Раньше местные глазели бы на него часами напролет, пока он бы не ушел восвояси. Теперь же все изменилось. Взоры, серые и голубые, не задерживались на нем надолго, останавливаясь на секунду и неизменно прилипая к сияющему созданию на его плече. Там сидел Эрм’Ран. Золотая фея. Ростом в локоть, он походил на ожившую фарфоровую статуэтку.
Чед в очередной раз поймал себя на мысли, что он из главной диковинки превратился в постамент для диковинки куда более мелкой, но куда более яркой. Пожалуй, это было даже к лучшему. Быть постаментом — гораздо спокойнее.
Обменявшись парой слов со знакомой девицей-кельнершей, Чед заказал свиную рульку с тушеной капустой и кружку пива. Та кивнула, качнув медными кудряшками, и торопливо засеменила на кухню.
— Знаешь, — сказал Чед, усаживаясь за видавший виды, и, возможно, заставший войну Столпов стол, — раньше все пялились на мою кожу. А теперь пялятся на тебя. Не знаю, радоваться мне или огорчаться.

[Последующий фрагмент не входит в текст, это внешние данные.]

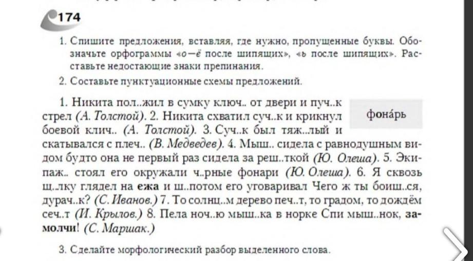 1. Никита положил (чередующийся корень -лаг-, -лож-) в сумку ключ (мужчкой род) от двери и пучок стрел (А. Толстой). 2. Никита схватил сучки (-чк-, -чн- без мягкого знака), крикнул боевой клич (А. Толстой). 3. Сучок был тяжёлый и скатывался с плеч (средний род, родительный падеж) (В. Медведев). 4. Мышь (женский род) сидела с равнодушным видом, будто она не первый раз сидела за решёткой (Ю. Олеша). 5. Экипаж (мужской род) стоял, его окружали чёрные фонари (Ю. Олеша). 6. Я сквозь щёлку глядел на ежа и шёпотом (шепчет) его уговаривал: "Чего ж ты боишься (глагол 2 спряжения), дурачок?" (С. Иванов.) 7. То солнцем дерево печёт (окончание ёт), то градом, то дождём сечёт (окончание ёт) (И. Крылов.) 8. Пела ночью (3 склонение) мышка в норке: "Спи, мышонок(обращение), замолчи!"(С. Маршак.)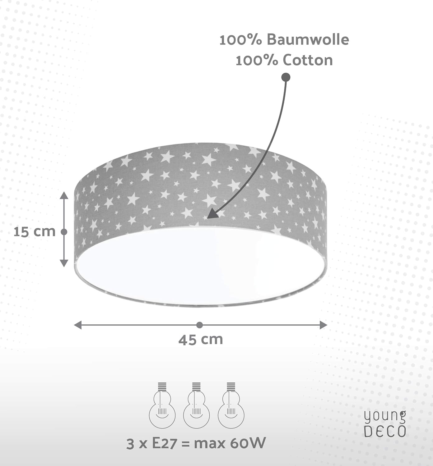 Sterne Auf Pastellgrau Skandinavische Kinderzimmer Deko Fur Madchen Junge Komplette Deckenleuchte Fur Kinderzimmer Grosser Lampenschirm 45x15cm 3xe27 Youngdeco Deckenlampe Fur Baby Und Kinderzimmer Beleuchtung Leuchten Fur Kinder Nappipaja Fi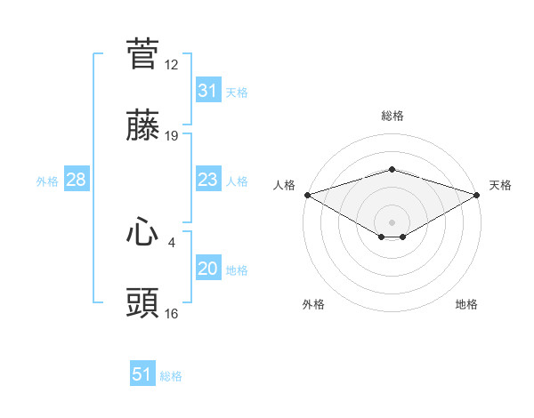 菅藤 心頭さんの天格は31画の5点!
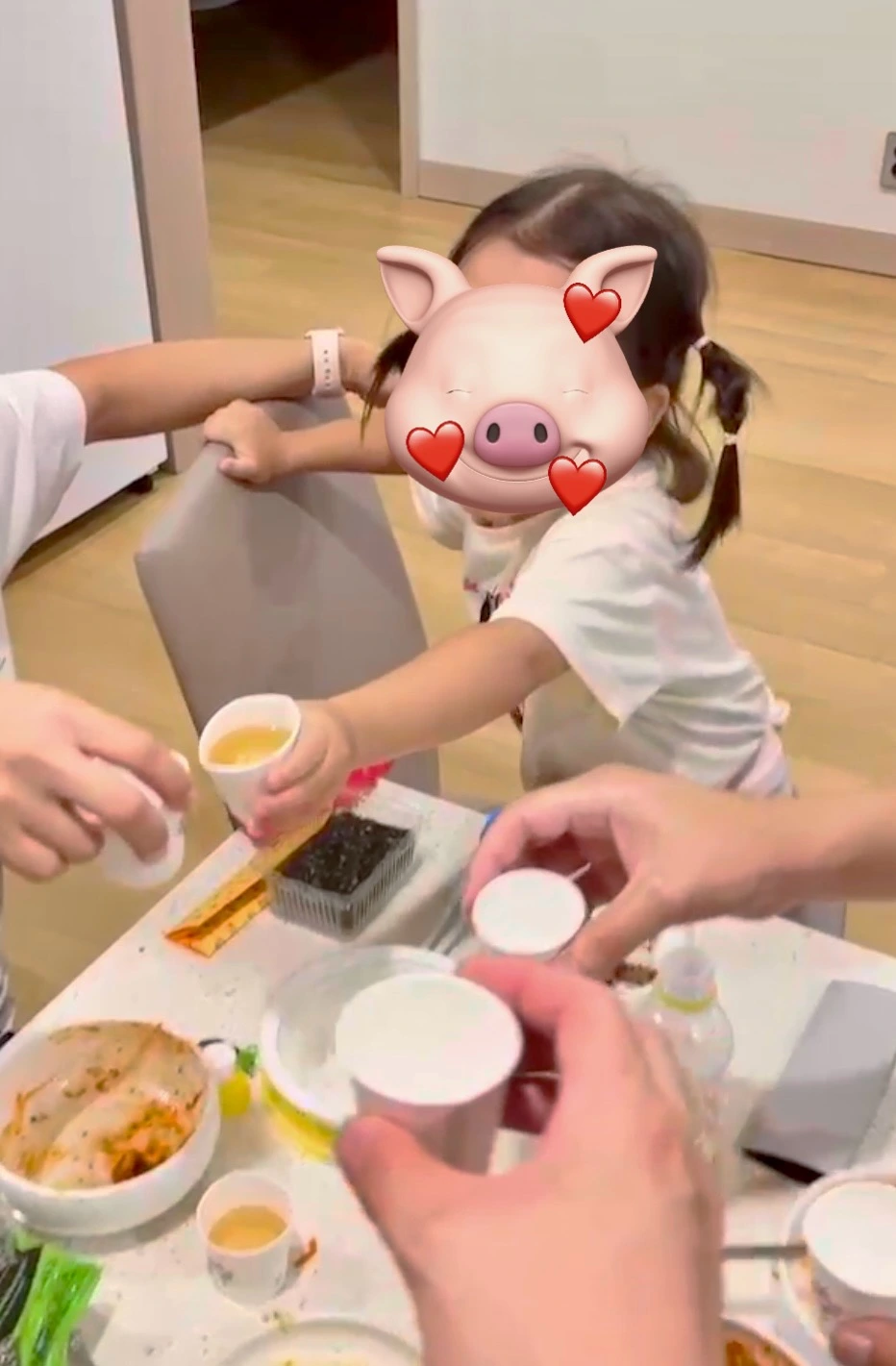 젖먹이였던 아기가 어느새 커서 이제는 건배사 전문가가 되었다. 자리에 맞게 준비된 멘트, 우렁찬 선창까지 정말 사회생활 n년차 부장님 같은 느낌이다. 우리 뚱 부장님께서 선호하시는 건배사 멘트는 주로 뚱아! (사랑해!) 내지는 우리 가족! (소중해!) 처럼 가족 모임에 어울리는 것들이다. 가족 중 누군가가 잔만 부딪히고 내려놓으면, 왜 안 마시는지까지 일일이 챙겨주신다.

— О, несомненно, огорчаться, — Эрм’Ран спрыгнул с его плеча. — А мне — возмущаться. Кто бы сомневался, что в этом заведении нет ни крохотных стульев, ни крохотных столов, ни, что самое ужасное, крохотных порций в крохотной утвари!
Чед весело блеснул белыми зубами.
— Дружище, будь они тут, цена на них была бы втрое выше обычных. Особое обслуживание для особых гостей — ты же знаешь, как это работает. Редкость всегда в цене. За кусочек хлеба размером с мой ноготь с тебя бы содрали как за добрый пирог с рыбой и картошкой. А за наперсток пива, от которого не захмелеть и мухе — как за целый галлон. Или ты забыл, во сколько нам обошлись твои очки?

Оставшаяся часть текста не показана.